Investigators at Purdue University (West Lafayette, IN, USA) worked with the human monoclonal antibody CR4354, which had originally been obtained from a West Nile fever patient. They prepared pure FAB (antigen binding fragment) segments from the antibody and used these peptides in conjunction with cryoelectron microscopy and X-ray crystallography to study the interaction of the antibody with the West Nile virus.

Results published in the November 2, 2010, issue of the journal Proceedings of the [U.S.] National Academy of Sciences (PNAS) revealed that each FAB segment attached to two adjacent protein molecules that comprise the outer shell of the virus. This cross-linking pattern was repeated over the entire viral shell, interlocking the 30 molecular "rafts” that make up the shell and preventing the structural changes needed for the virus to infect host cells.
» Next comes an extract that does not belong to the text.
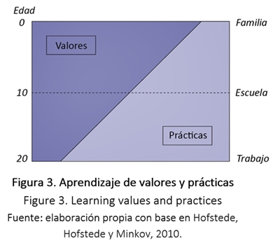 La Figura 3 muestra la adquisición de los valores y prácticas durante la vida. Mientras que los valores son adquiridos temprano y principalmente por parte de la familia, las prácticas se obtienen más tarde y sobre todo en relación con el trabajo. Clarificando un poco más en una etapa de 10 a 12 años, en la cual el ser humano posee una alta capacidad de absorción, se impregnan símbolos, héroes, rituales y los valores básicos. Al final de dicho periodo, el aprendizaje cambia de tal manera, que es más consciente y se enfoca en nuevas prácticas.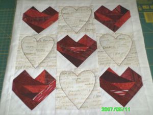 Die Herzen sind in Crazy PP gemacht und die anderen Herzen vorgezeichnet und mit der Maschine genäht.

"The antibody cross linking causes the virus to become rigid, and this rigidity prevents conformational changes to the virus needed to fuse with host cells,” said senior author Dr. Michael Rossmann, professor of biological sciences at Purdue University.

"There are many antibodies that can neutralize West Nile virus,” said Dr. Rossmann. "These findings concern a specific antibody, called CR4354. It uses an unusual approach to neutralize the virus. Normally an antibody binds to a single molecule, but now we see this cross linking, which is quite clever because it ties everything rigidly together.”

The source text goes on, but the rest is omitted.